- _TASK DIRECTIONS_
I'd like every record written out again, exactly as it is.

- _DATA TO PROCESS_
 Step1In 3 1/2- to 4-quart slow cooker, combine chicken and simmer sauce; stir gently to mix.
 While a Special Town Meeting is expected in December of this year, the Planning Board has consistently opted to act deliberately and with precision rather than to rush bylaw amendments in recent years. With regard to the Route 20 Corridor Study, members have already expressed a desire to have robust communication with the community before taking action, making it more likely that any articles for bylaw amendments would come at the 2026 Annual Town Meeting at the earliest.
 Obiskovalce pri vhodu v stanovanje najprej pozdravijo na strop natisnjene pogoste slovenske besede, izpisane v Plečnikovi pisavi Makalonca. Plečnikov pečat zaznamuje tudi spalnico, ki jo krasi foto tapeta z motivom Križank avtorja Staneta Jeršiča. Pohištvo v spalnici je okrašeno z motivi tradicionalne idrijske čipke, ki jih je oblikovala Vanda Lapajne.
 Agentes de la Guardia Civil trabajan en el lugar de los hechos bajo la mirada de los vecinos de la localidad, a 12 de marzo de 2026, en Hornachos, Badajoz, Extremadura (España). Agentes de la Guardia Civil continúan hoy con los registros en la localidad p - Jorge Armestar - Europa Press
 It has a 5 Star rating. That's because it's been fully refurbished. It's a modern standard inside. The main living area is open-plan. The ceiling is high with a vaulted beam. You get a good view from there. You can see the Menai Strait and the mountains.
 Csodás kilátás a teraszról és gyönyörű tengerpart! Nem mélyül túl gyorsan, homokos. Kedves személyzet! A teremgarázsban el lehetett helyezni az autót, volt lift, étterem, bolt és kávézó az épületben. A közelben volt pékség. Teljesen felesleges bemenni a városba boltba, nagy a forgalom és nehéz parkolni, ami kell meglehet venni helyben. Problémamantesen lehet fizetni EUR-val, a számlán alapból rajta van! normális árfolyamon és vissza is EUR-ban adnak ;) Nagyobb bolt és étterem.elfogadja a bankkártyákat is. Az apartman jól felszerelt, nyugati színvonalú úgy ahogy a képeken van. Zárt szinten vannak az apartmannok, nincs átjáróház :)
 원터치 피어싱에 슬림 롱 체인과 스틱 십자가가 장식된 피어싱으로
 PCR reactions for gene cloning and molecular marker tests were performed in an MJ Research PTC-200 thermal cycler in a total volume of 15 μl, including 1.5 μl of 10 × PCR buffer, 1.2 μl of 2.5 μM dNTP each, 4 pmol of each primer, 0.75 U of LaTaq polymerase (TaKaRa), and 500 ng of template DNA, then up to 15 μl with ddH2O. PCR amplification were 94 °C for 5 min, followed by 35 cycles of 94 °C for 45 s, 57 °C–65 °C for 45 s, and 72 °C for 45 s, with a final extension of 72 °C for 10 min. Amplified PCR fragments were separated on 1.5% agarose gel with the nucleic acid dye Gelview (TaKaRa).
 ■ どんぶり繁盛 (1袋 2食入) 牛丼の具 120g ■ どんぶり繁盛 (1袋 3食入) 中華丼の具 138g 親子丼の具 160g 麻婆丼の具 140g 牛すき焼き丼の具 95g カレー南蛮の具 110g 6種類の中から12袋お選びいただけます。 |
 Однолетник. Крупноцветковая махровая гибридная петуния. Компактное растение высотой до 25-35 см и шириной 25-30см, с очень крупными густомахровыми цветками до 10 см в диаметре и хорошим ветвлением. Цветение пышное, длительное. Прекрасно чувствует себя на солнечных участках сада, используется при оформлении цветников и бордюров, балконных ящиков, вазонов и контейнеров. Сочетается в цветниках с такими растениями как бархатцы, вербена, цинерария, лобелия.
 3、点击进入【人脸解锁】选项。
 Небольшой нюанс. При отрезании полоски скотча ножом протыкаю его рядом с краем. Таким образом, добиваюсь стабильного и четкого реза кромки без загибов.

- _PROBLEM SOLUTION_
 Step1In 3 1/2- to 4-quart slow cooker, combine chicken and simmer sauce; stir gently to mix.
 While a Special Town Meeting is expected in December of this year, the Planning Board has consistently opted to act deliberately and with precision rather than to rush bylaw amendments in recent years. With regard to the Route 20 Corridor Study, members have already expressed a desire to have robust communication with the community before taking action, making it more likely that any articles for bylaw amendments would come at the 2026 Annual Town Meeting at the earliest.
 Obiskovalce pri vhodu v stanovanje najprej pozdravijo na strop natisnjene pogoste slovenske besede, izpisane v Plečnikovi pisavi Makalonca. Plečnikov pečat zaznamuje tudi spalnico, ki jo krasi foto tapeta z motivom Križank avtorja Staneta Jeršiča. Pohištvo v spalnici je okrašeno z motivi tradicionalne idrijske čipke, ki jih je oblikovala Vanda Lapajne.
 Agentes de la Guardia Civil trabajan en el lugar de los hechos bajo la mirada de los vecinos de la localidad, a 12 de marzo de 2026, en Hornachos, Badajoz, Extremadura (España). Agentes de la Guardia Civil continúan hoy con los registros en la localidad p - Jorge Armestar - Europa Press
 It has a 5 Star rating. That's because it's been fully refurbished. It's a modern standard inside. The main living area is open-plan. The ceiling is high with a vaulted beam. You get a good view from there. You can see the Menai Strait and the mountains.
 Csodás kilátás a teraszról és gyönyörű tengerpart! Nem mélyül túl gyorsan, homokos. Kedves személyzet! A teremgarázsban el lehetett helyezni az autót, volt lift, étterem, bolt és kávézó az épületben. A közelben volt pékség. Teljesen felesleges bemenni a városba boltba, nagy a forgalom és nehéz parkolni, ami kell meglehet venni helyben. Problémamantesen lehet fizetni EUR-val, a számlán alapból rajta van! normális árfolyamon és vissza is EUR-ban adnak ;) Nagyobb bolt és étterem.elfogadja a bankkártyákat is. Az apartman jól felszerelt, nyugati színvonalú úgy ahogy a képeken van. Zárt szinten vannak az apartmannok, nincs átjáróház :)
 원터치 피어싱에 슬림 롱 체인과 스틱 십자가가 장식된 피어싱으로
 PCR reactions for gene cloning and molecular marker tests were performed in an MJ Research PTC-200 thermal cycler in a total volume of 15 μl, including 1.5 μl of 10 × PCR buffer, 1.2 μl of 2.5 μM dNTP each, 4 pmol of each primer, 0.75 U of LaTaq polymerase (TaKaRa), and 500 ng of template DNA, then up to 15 μl with ddH2O. PCR amplification were 94 °C for 5 min, followed by 35 cycles of 94 °C for 45 s, 57 °C–65 °C for 45 s, and 72 °C for 45 s, with a final extension of 72 °C for 10 min. Amplified PCR fragments were separated on 1.5% agarose gel with the nucleic acid dye Gelview (TaKaRa).
 ■ どんぶり繁盛 (1袋 2食入) 牛丼の具 120g ■ どんぶり繁盛 (1袋 3食入) 中華丼の具 138g 親子丼の具 160g 麻婆丼の具 140g 牛すき焼き丼の具 95g カレー南蛮の具 110g 6種類の中から12袋お選びいただけます。 |
 Однолетник. Крупноцветковая махровая гибридная петуния. Компактное растение высотой до 25-35 см и шириной 25-30см, с очень крупными густомахровыми цветками до 10 см в диаметре и хорошим ветвлением. Цветение пышное, длительное. Прекрасно чувствует себя на солнечных участках сада, используется при оформлении цветников и бордюров, балконных ящиков, вазонов и контейнеров. Сочетается в цветниках с такими растениями как бархатцы, вербена, цинерария, лобелия.
 3、点击进入【人脸解锁】选项。
 Небольшой нюанс. При отрезании полоски скотча ножом протыкаю его рядом с краем. Таким образом, добиваюсь стабильного и четкого реза кромки без загибов.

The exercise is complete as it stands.